Status: Phase 1-2 Complete (Backend), Phase 3 Starting (Tauri IDE)
Last Updated: 2024-10-31
OLD: VS Code fork + Electron + Extension API
NEW: Tauri + Monaco + React + Java Backend
Why? Simpler, lighter (50MB vs 200MB RAM), full control over features.
- Overview
- System Architecture
- Component Design
- Data Flow
- Model Serving Architecture
- Performance Optimizations
- Security Architecture
NeuralForge is a three-layer system:
- Presentation Layer: Tauri (Rust + React + Monaco Editor)

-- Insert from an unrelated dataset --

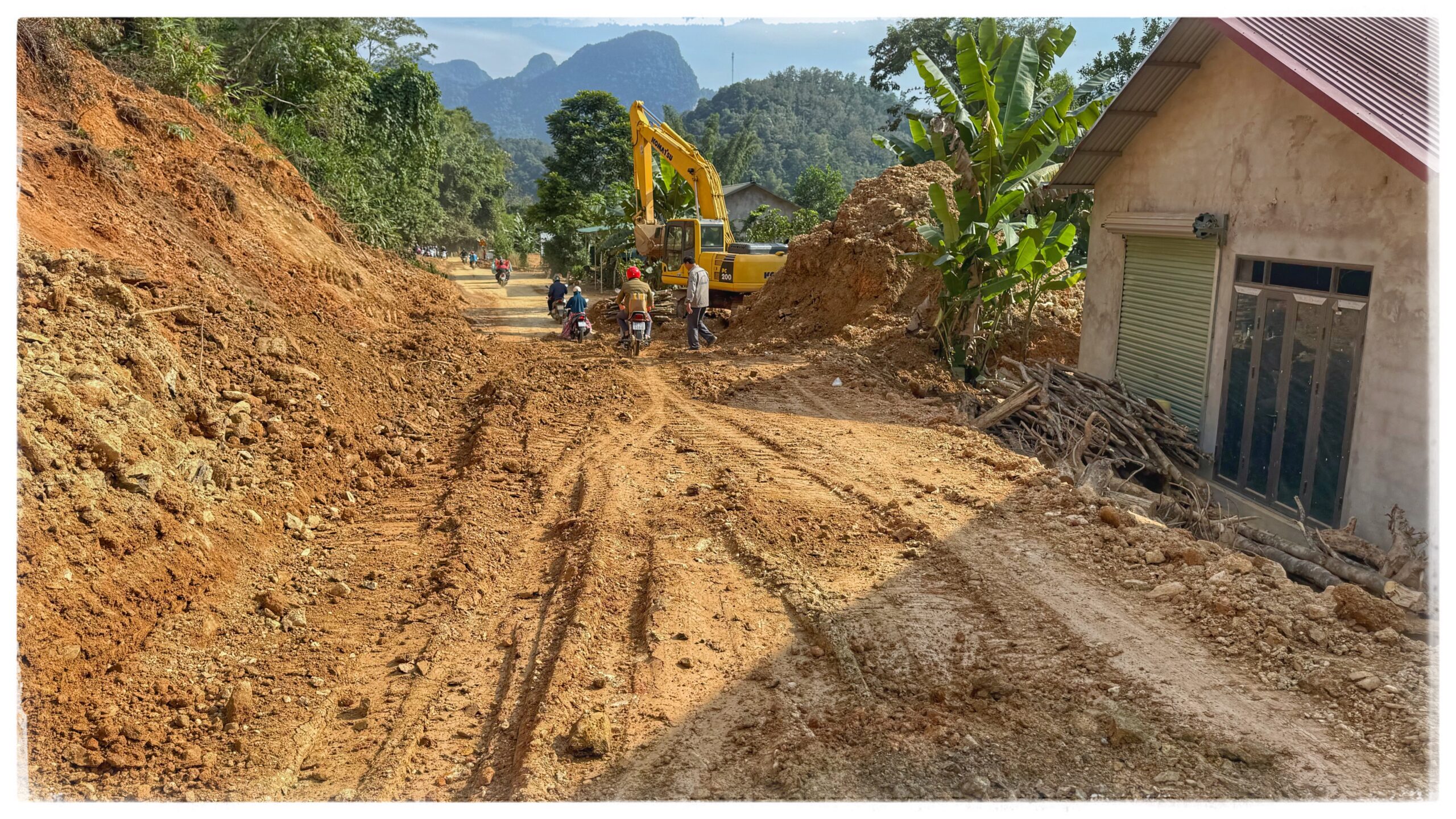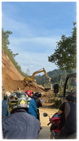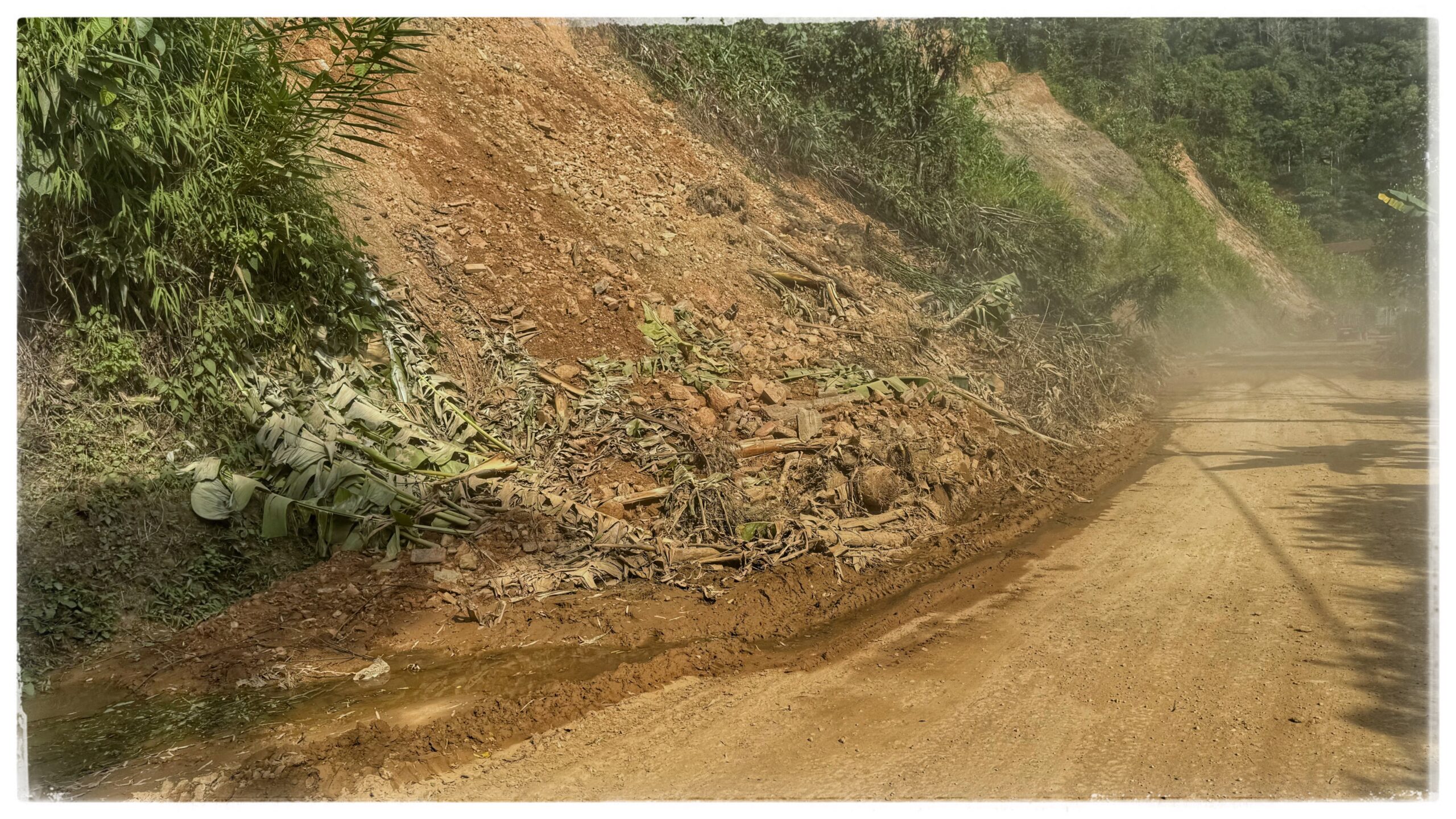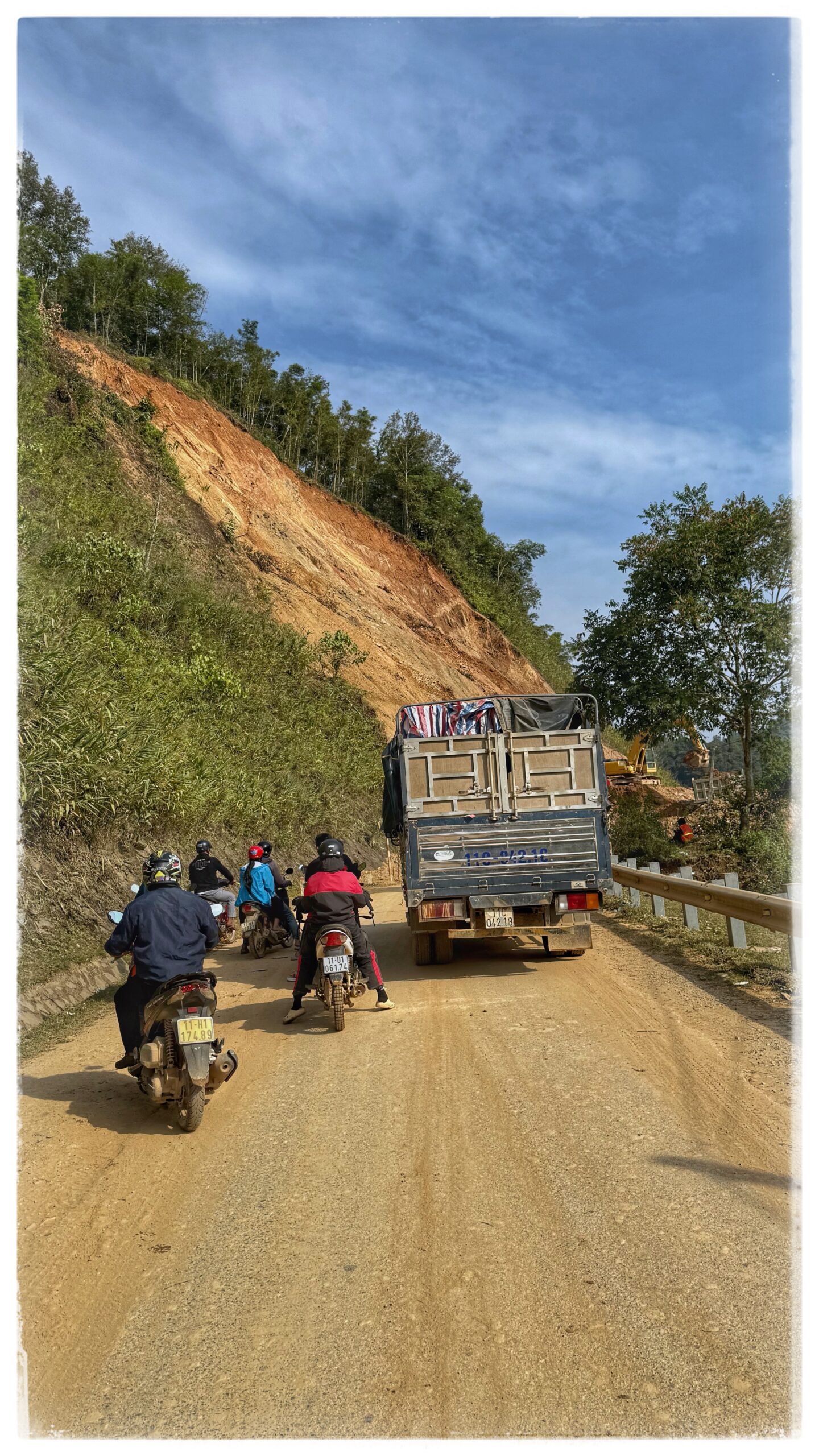 Lorsque la route s’écroule, nous devons parfois patienter près de 30´ le temps que les camions évacuent la terre et les cailloux. De quoi faire une sieste pour certains …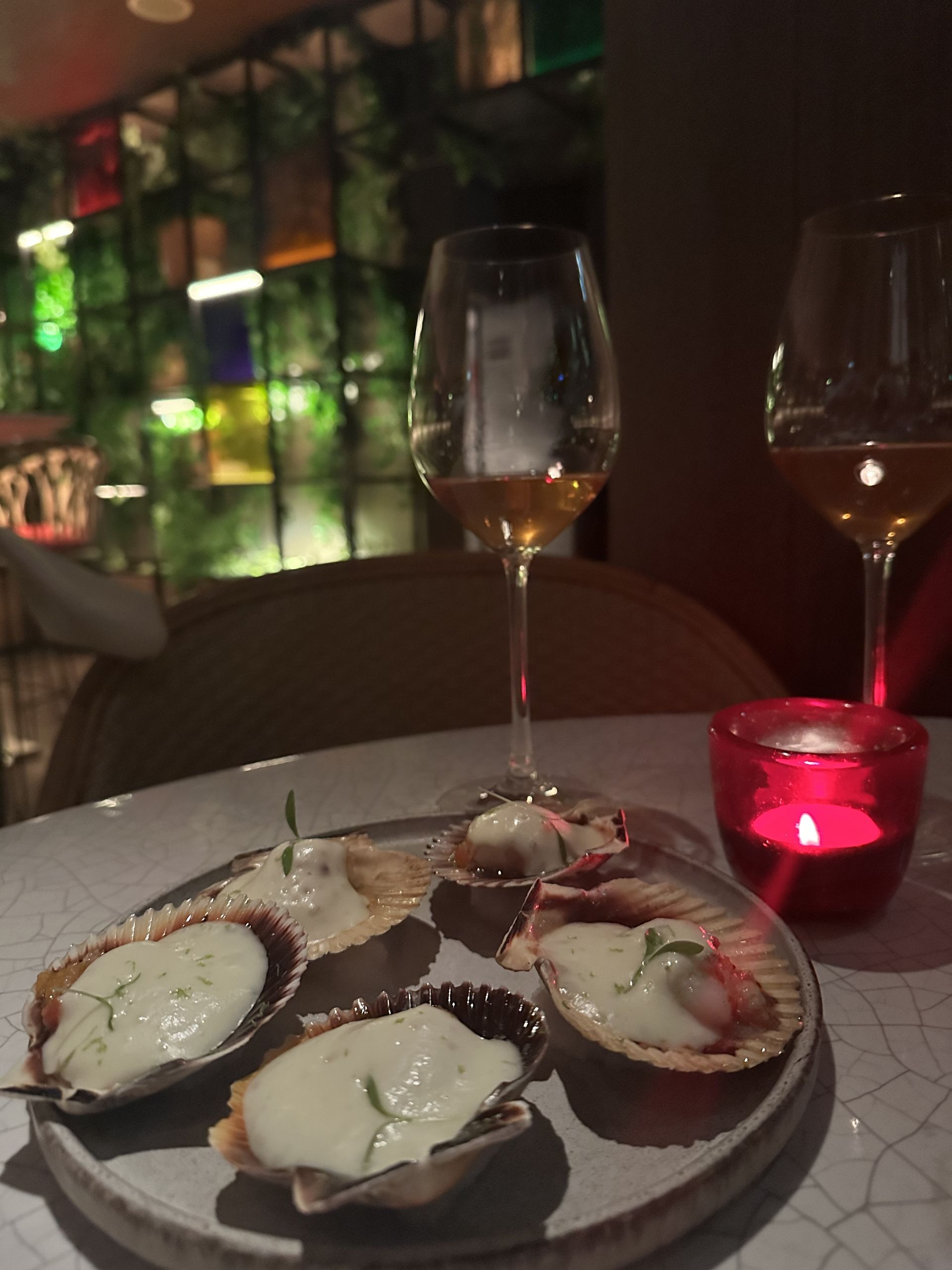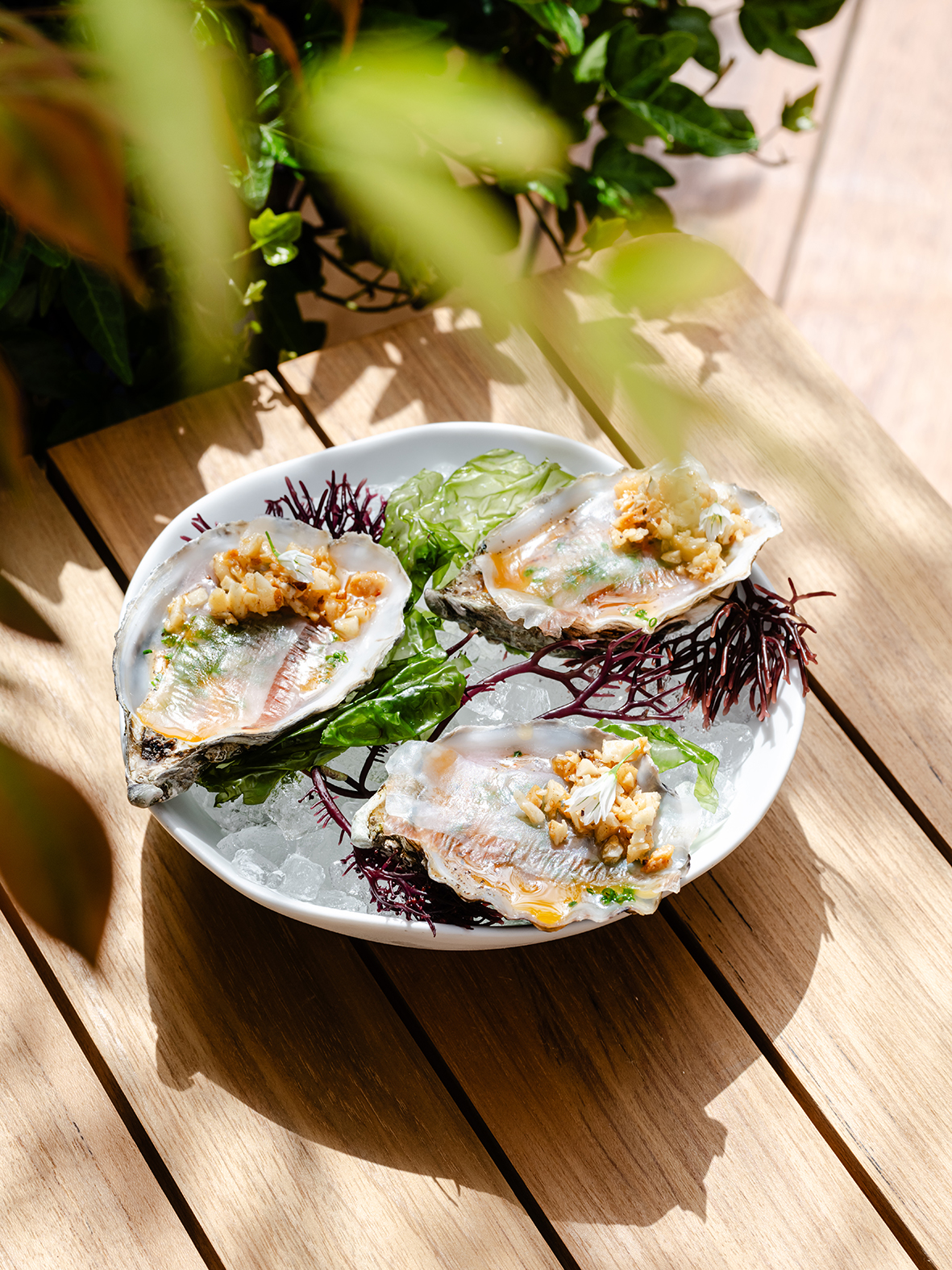 Ostras, leche de tigre, aceite de limo soasado, castañas tostadas, recubiertas con lardo Joselito.

- Service Layer: Java Spring Boot backend (embedded, IPC via stdin/stdout)
- Model Layer: ONNX-based inference with LoRA adapters
- Local-First: Everything runs on user's machine
- Lightweight: Tauri (50MB RAM) vs Electron (200MB RAM)
- Modular: Loosely coupled components
- Reactive: Event-driven, non-blocking I/O
- Efficient: Minimal resource usage through quantization
- Extensible: Multi-provider support (local + cloud optional)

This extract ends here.